各国代表 2022.11.11

W杯王者・南アフリカを迎え撃つフランス、先発メンバーは前週から不動。

[ 福本美由紀 ]
W杯王者・南アフリカを迎え撃つフランス、先発メンバーは前週から不動。
第一子誕生でモチベーション高いジョナタン・ダンティー(Photo: Getty Images)


 11月12日(現地時間)に南アフリカを迎え撃つフランス代表のメンバーが発表された。

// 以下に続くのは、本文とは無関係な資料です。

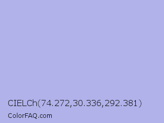 CIELCh 74.272,30.336,292.381 Color is a very light blue color and the nearest color is Maximum Blue Purple #acace6. Hex code #b1b2ea and RGB value is rgb(177,178,234). In RGB color space, this color is composed of 69% red, 70% green, 92% blue, In CMYK color space, this color is composed of 24% cyan, 24% magenta, 0% yellow , 8% black , In HSL color space, this color has a hue angle of 239° , 58% saturation and 81% lightness.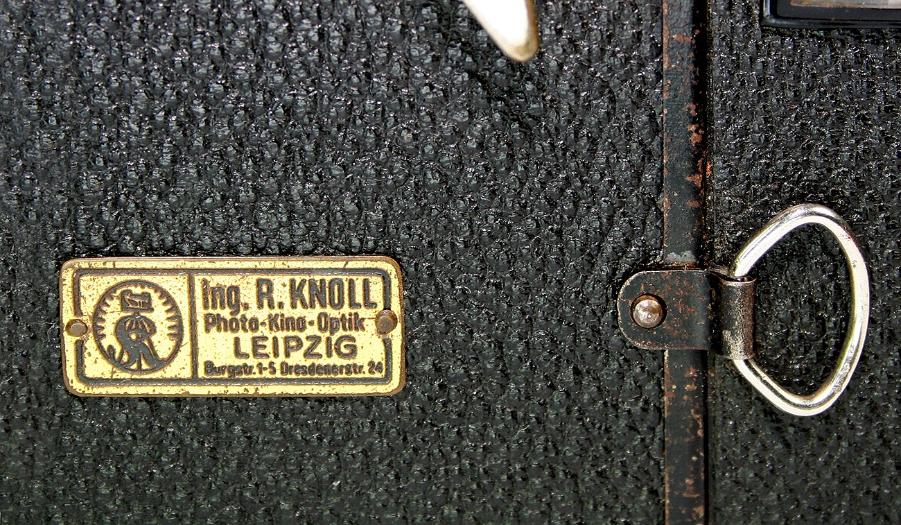 Hier eine Kamera mit aufgesetztem Filtervorsatz und einem aufgenieteten Firmenschild des Leipziger Fotohauses „Ing. R. Knoll Photo-Kino-Optik Leipzig“.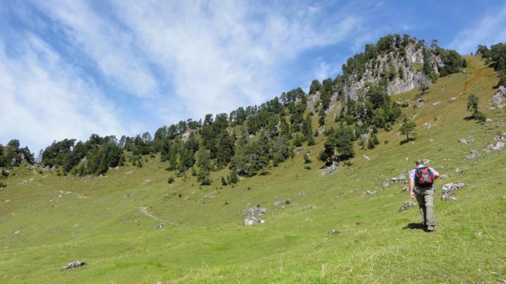 Über die Alp Roggen erreichen wir den Gratsattel (links im Bild). Von dort ist der Gipfel in einer Viertelstunde erklommen: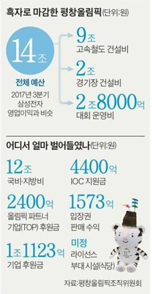 3. 평창 올림픽 적자 예상과 달리 흑자 가능성 → 입장권 107만장, 금액으로는 1573억 목표 초과. 수호랑 인형 10만개 판매 등 흥행 성공...(중앙 외)▼
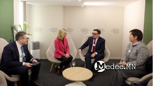 Швейцарын Давос хотноо болж буй Дэлхийн эдийн засгийн чуулга уулзалтад оролцож байгаа Монгол Улсын Ерөнхий сайд Г.Занданшатар Олон улсын цахилгаан холбооны байгууллагын (ОУЦХБ) Ерөнхий нарийн бичгийн дарга, хатагтай Дорийн Богдан Мартыг хүлээн авч уулзлаа.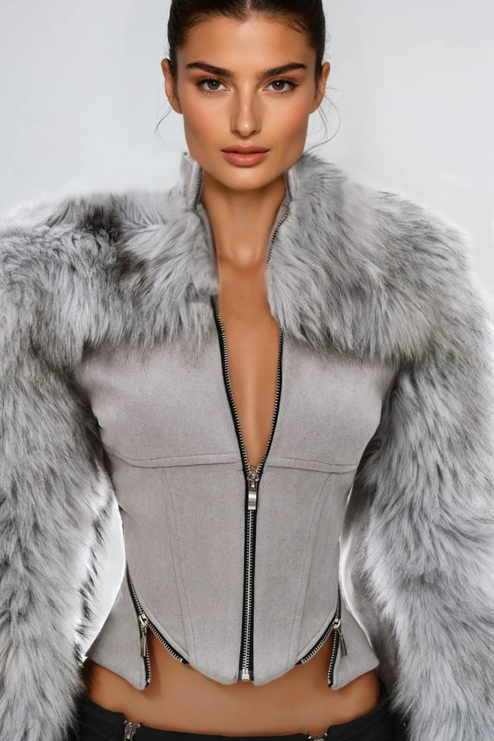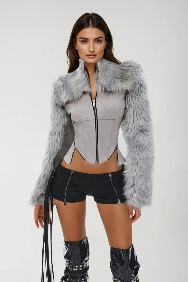 Donghyun Deconstruct Faux Fur Jacket This architectural piece reimagines faux fur through intentional deconstruction. Asymmetrical paneling and strategic cutouts create visual movement while maintaining the luxurious warmth of premium synthetic fur. The deconstructed silhouette offers a contemporary edge—perfect for those who appreciate avant-garde design without compromising on comfort. Layer it over minimalist basics or pair with tailored pieces to let the jacket's innovative construction take center stage. A statement outerwear essential for the discerning dresser.
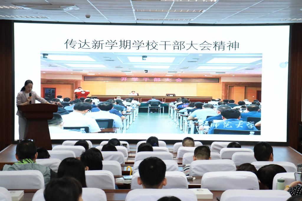 接着,全体教职工观看了习近平总书记“7.26”重要讲话精神的新闻联播报道。随后,钟书记传达了新学期干部大会精神,并结合世界杯决赛 文化墙布置,要求教职工要按照习近平总书记的要求“传承红色基因,扎根中国大地办大学”。

 先週はオーストラリアのキックを多用する戦術に驚かされ、またSHアントワンヌ・デュポンをオーストラリアのプレッシャーから守ることができず、内容ではオーストラリアが勝ってもおかしくない試合だったと言われているが、『フィニッシャー』と呼ぶベンチスタートの選手にPRレダ・ワーディーとLOバスチャン・シャリュローが新たにメンバーに入った他は不動のメンバー構成となった。

■11月の日本代表戦はWOWOWで! 12日イングランド戦&20日フランス戦を生中継!■
世界トップ10が参戦「オータム・ネーションズシリーズ」全21試合を放送・ライブ配信

 「先週の試合での選手たちの行動に満足している。難しい試合だったがオーストラリアに勝つことができた。同じメンバーで世界チャンピオンと対戦することにした」とファビアン・ガルチエ ヘッドコーチ(以下HC)は述べた。

 今週水曜日未明にCTBジョナタン・ダンティーが父親になった。そのため今週はチームの練習には参加しておらず、試合前日練習でチームに合流する。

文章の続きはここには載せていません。